Michaela, her mother Myra (Nicole Barber-Lane) and sister Jacqui McQueen (Claire Cooper) temporarily move in to with Mike and Sarah after an infestation of rats in their house. Myra and Mike appear to become closer and she begins to have feelings for him. After Lucas' (William Hall) birth, Amy left to stay with her grandmother, leaving Ste to look after him. Abi (Elaine Glover) and Daniel Raven (Chris Hargreaves) befriend Ste but secretly plan to steal Lucas. Mike is suspicious over Abi and Daniel's interest. After finding Ste asleep while looking after Lucas, Mike takes him. Ste, Daniel and Abi approach Mike and confront him. Ste ends up taunting Mike about Kathy, Amy and Sarah. Angry, Mike punches Ste. The next day, Mike approaches Abi, who is looking after Lucas. Mike claims he deserves to look after Lucas, however Ste tells him he is seeing a solicitor to put an injunction against Mike.

In October 2009, Sarah dies after a parachute accident. Mike is informed by police and he collapses in grief. Mike and Zoe kiss and sleep together the next day however they both put it down to wanting some comfort. Zoe is questioned by the police as Lydia plants the knife used to sabotage the parachute under Zoe's bed, which leads to the police arresting her. Once he returns home, he informs Sarah's friend Hannah Ashworth (Emma Rigby) of her death. She collapses in grief. Archie Carpenter (Stephen Beard) visits Mike and tries to tell him Zoe is innocent, however Mike does not listen and throws him out. Mike visits Zoe in prison, and he finally realises she did not kill Sarah. During the trial, Mike reads Sarah's diary and starts to believe Sarah killed herself. Zoe is found not guilty, and released. Zoe moves into the Barnes home, and befriends Lydia in order for her to confess. However, Mike and Amy catch Lydia and Zoe kissing and he throws her out. Lydia discovers Zoe's true intentions for being her friend and takes revenge. She leads her to Sarah's grave to kill her and herself. Mike, Charlotte Lau (Amy Yamazaki) and Dave Colburn (Elliot James Langridge) rush to the cemetery after finding a suicide note. Lydia stabs Zoe but is stopped from killing her by Charlotte and Dave as Mike holds Zoe. Mike apologises to Zoe in hospital, where she recovers, and he is angry at Charlotte for keeping Lydia's secret. Zoe decides to leave Hollyoaks to go travelling. She hints to Mike to come with her. However, he refuses, claiming he cannot leave Amy and his grandchildren. After a heart-to-heart with Amy, she convinces him to go. Mike, Zoe and Gilly Roach (Anthony Quinlan) then leave.

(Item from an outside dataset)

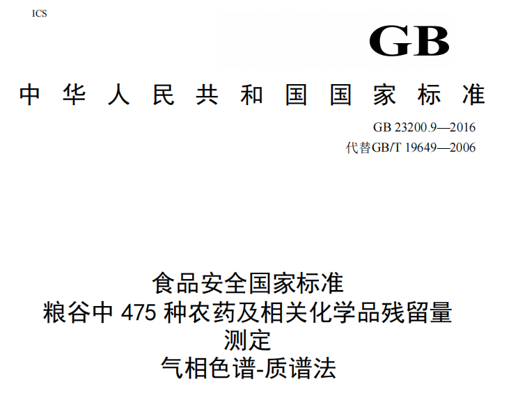GB 23200.9-2016 糧谷中475種農(nóng)藥及相關(guān)化學(xué)品殘留量的測定-氣相色譜質(zhì)譜法 更新日期:2022-12-30 下載包(1)
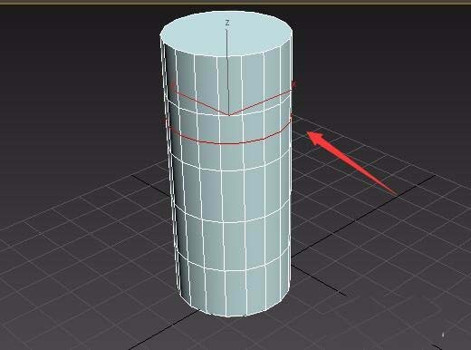 5、将圆柱体转为多边形之后,选择需要插入循环边的一条边,再在编辑工具里找到循环选项,如图所示:

In August 2016, Mike is seen visiting Amy and is furious when Amy and her fiancée Ryan Knight (Duncan James) decide to move to Hollyoaks village so that Leah and Lucas can be closer to Ste. In March 2017, Mike attends Ryan and Amy's wedding and argues with Ste over Amy's decision to move to America with Ryan, Leah and Lucas and tells him to leave. That evening, Mike and Ryan return home and find Amy's corpse in her flat after she was murdered by an unknown assailant, devastating Mike. He returns in September for Ste's trial of Amy's murder. After the trial, Ste is found not guilty, Mike's ex-wife Kathy Barnes is furious and she takes a handgun and shoots Ste. Mike grabs Kathy before police arrive and arrest her and take her to the police station. In May 2018, Ste calls Mike and explains to him what happened to Lucas and Leah, and he is upset when he finds out that Ryan killed Amy. He tells him Ryan had drowned in the river and has died.

==Reception==
When Mike's relationship with Zoe began, there was some controversy over the storyline, due to the age gap between the pair. However, Hirst stated: "I think the controversy has subsided somewhat. It's not an illicit affair, it's known about now. It was shocking to some people at the beginning but it wasn't by any means illegal. There were some complications but they are both grown-ups!" Kris Green of Digital Spy called it one of the best stunts he had seen, noting that Mike's reaction to Sarah's death was particularly affecting and branding the episode "amazing."